__Work request__
From the first line below to the last, reproduce the material exactly and leave out the images.

__Dataset section__

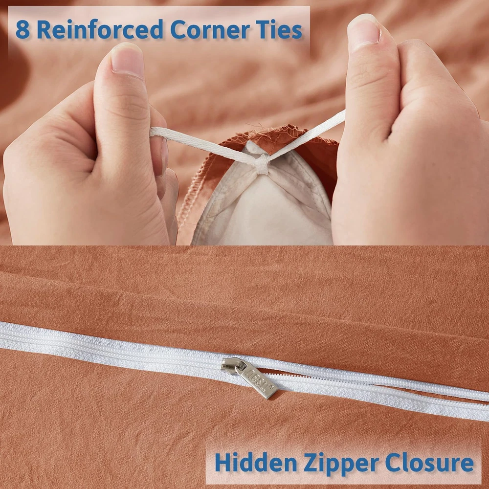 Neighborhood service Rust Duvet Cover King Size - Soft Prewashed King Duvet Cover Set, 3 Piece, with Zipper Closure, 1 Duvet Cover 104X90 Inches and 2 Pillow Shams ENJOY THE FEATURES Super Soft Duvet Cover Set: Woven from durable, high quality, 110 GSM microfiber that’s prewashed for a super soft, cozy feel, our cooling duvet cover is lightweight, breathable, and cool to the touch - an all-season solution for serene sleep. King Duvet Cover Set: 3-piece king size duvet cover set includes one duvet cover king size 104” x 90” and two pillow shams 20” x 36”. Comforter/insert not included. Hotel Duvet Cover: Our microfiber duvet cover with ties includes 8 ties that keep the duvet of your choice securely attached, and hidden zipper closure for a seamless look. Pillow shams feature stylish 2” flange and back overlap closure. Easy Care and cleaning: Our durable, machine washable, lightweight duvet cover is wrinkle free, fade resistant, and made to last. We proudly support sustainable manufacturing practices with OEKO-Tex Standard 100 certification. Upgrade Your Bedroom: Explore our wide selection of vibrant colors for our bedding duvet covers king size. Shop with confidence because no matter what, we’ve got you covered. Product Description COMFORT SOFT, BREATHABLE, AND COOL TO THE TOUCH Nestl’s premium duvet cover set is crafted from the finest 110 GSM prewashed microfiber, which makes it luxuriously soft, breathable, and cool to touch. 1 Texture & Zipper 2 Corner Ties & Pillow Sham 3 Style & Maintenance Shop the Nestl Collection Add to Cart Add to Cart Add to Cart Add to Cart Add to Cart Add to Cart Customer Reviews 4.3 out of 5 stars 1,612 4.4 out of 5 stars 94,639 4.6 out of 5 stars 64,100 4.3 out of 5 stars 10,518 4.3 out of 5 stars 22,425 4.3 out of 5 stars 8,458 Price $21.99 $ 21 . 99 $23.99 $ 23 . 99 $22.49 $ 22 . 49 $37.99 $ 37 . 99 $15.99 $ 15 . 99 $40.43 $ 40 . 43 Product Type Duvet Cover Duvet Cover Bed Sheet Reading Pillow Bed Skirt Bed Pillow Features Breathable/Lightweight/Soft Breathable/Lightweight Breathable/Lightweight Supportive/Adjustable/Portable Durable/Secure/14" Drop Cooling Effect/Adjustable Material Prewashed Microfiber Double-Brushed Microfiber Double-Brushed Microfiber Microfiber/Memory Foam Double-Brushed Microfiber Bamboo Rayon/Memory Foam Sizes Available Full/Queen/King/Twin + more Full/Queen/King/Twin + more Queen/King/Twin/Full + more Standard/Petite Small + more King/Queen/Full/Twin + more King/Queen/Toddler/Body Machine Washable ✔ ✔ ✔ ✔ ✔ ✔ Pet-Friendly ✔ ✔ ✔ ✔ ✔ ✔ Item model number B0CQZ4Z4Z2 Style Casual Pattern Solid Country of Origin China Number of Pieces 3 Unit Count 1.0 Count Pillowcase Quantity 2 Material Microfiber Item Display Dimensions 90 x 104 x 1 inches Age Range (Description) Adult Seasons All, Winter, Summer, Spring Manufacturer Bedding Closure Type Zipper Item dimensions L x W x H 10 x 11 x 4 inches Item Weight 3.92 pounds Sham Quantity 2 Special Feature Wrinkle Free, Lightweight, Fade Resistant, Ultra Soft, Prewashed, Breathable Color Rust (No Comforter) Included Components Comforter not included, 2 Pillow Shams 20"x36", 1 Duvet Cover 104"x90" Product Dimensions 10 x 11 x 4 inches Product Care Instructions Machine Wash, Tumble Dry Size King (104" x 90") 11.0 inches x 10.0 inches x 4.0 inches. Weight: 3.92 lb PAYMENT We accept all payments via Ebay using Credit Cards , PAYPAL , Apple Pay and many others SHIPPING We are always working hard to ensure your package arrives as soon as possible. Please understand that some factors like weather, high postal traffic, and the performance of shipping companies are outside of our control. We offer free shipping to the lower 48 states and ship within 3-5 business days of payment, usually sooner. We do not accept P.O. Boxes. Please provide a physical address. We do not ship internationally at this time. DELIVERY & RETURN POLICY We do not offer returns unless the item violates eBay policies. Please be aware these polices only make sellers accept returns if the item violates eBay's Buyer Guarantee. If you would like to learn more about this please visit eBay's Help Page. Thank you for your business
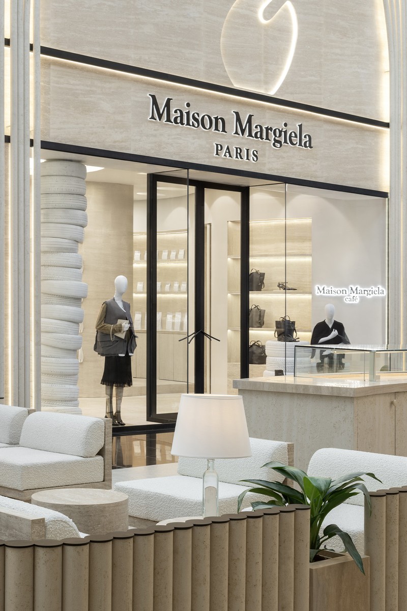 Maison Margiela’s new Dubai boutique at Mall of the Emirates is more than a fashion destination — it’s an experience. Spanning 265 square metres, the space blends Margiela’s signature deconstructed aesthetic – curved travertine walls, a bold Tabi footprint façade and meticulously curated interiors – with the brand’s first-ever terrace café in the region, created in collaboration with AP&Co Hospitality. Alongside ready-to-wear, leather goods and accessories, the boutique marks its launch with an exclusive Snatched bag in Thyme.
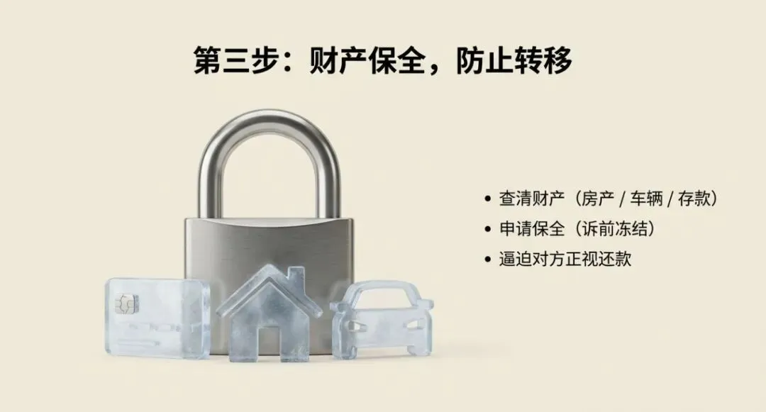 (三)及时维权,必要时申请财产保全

__Task solution__
 Neighborhood service Rust Duvet Cover King Size - Soft Prewashed King Duvet Cover Set, 3 Piece, with Zipper Closure, 1 Duvet Cover 104X90 Inches and 2 Pillow Shams ENJOY THE FEATURES Super Soft Duvet Cover Set: Woven from durable, high quality, 110 GSM microfiber that’s prewashed for a super soft, cozy feel, our cooling duvet cover is lightweight, breathable, and cool to the touch - an all-season solution for serene sleep. King Duvet Cover Set: 3-piece king size duvet cover set includes one duvet cover king size 104” x 90” and two pillow shams 20” x 36”. Comforter/insert not included. Hotel Duvet Cover: Our microfiber duvet cover with ties includes 8 ties that keep the duvet of your choice securely attached, and hidden zipper closure for a seamless look. Pillow shams feature stylish 2” flange and back overlap closure. Easy Care and cleaning: Our durable, machine washable, lightweight duvet cover is wrinkle free, fade resistant, and made to last. We proudly support sustainable manufacturing practices with OEKO-Tex Standard 100 certification. Upgrade Your Bedroom: Explore our wide selection of vibrant colors for our bedding duvet covers king size. Shop with confidence because no matter what, we’ve got you covered. Product Description COMFORT SOFT, BREATHABLE, AND COOL TO THE TOUCH Nestl’s premium duvet cover set is crafted from the finest 110 GSM prewashed microfiber, which makes it luxuriously soft, breathable, and cool to touch. 1 Texture & Zipper 2 Corner Ties & Pillow Sham 3 Style & Maintenance Shop the Nestl Collection Add to Cart Add to Cart Add to Cart Add to Cart Add to Cart Add to Cart Customer Reviews 4.3 out of 5 stars 1,612 4.4 out of 5 stars 94,639 4.6 out of 5 stars 64,100 4.3 out of 5 stars 10,518 4.3 out of 5 stars 22,425 4.3 out of 5 stars 8,458 Price $21.99 $ 21 . 99 $23.99 $ 23 . 99 $22.49 $ 22 . 49 $37.99 $ 37 . 99 $15.99 $ 15 . 99 $40.43 $ 40 . 43 Product Type Duvet Cover Duvet Cover Bed Sheet Reading Pillow Bed Skirt Bed Pillow Features Breathable/Lightweight/Soft Breathable/Lightweight Breathable/Lightweight Supportive/Adjustable/Portable Durable/Secure/14" Drop Cooling Effect/Adjustable Material Prewashed Microfiber Double-Brushed Microfiber Double-Brushed Microfiber Microfiber/Memory Foam Double-Brushed Microfiber Bamboo Rayon/Memory Foam Sizes Available Full/Queen/King/Twin + more Full/Queen/King/Twin + more Queen/King/Twin/Full + more Standard/Petite Small + more King/Queen/Full/Twin + more King/Queen/Toddler/Body Machine Washable ✔ ✔ ✔ ✔ ✔ ✔ Pet-Friendly ✔ ✔ ✔ ✔ ✔ ✔ Item model number B0CQZ4Z4Z2 Style Casual Pattern Solid Country of Origin China Number of Pieces 3 Unit Count 1.0 Count Pillowcase Quantity 2 Material Microfiber Item Display Dimensions 90 x 104 x 1 inches Age Range (Description) Adult Seasons All, Winter, Summer, Spring Manufacturer Bedding Closure Type Zipper Item dimensions L x W x H 10 x 11 x 4 inches Item Weight 3.92 pounds Sham Quantity 2 Special Feature Wrinkle Free, Lightweight, Fade Resistant, Ultra Soft, Prewashed, Breathable Color Rust (No Comforter) Included Components Comforter not included, 2 Pillow Shams 20"x36", 1 Duvet Cover 104"x90" Product Dimensions 10 x 11 x 4 inches Product Care Instructions Machine Wash, Tumble Dry Size King (104" x 90") 11.0 inches x 10.0 inches x 4.0 inches. Weight: 3.92 lb PAYMENT We accept all payments via Ebay using Credit Cards , PAYPAL , Apple Pay and many others SHIPPING We are always working hard to ensure your package arrives as soon as possible. Please understand that some factors like weather, high postal traffic, and the performance of shipping companies are outside of our control. We offer free shipping to the lower 48 states and ship within 3-5 business days of payment, usually sooner. We do not accept P.O. Boxes. Please provide a physical address. We do not ship internationally at this time. DELIVERY & RETURN POLICY We do not offer returns unless the item violates eBay policies. Please be aware these polices only make sellers accept returns if the item violates eBay's Buyer Guarantee. If you would like to learn more about this please visit eBay's Help Page. Thank you for your business
 Maison Margiela’s new Dubai boutique at Mall of the Emirates is more than a fashion destination — it’s an experience. Spanning 265 square metres, the space blends Margiela’s signature deconstructed aesthetic – curved travertine walls, a bold Tabi footprint façade and meticulously curated interiors – with the brand’s first-ever terrace café in the region, created in collaboration with AP&Co Hospitality. Alongside ready-to-wear, leather goods and accessories, the boutique marks its launch with an exclusive Snatched bag in Thyme.
 (三)及时维权,必要时申请财产保全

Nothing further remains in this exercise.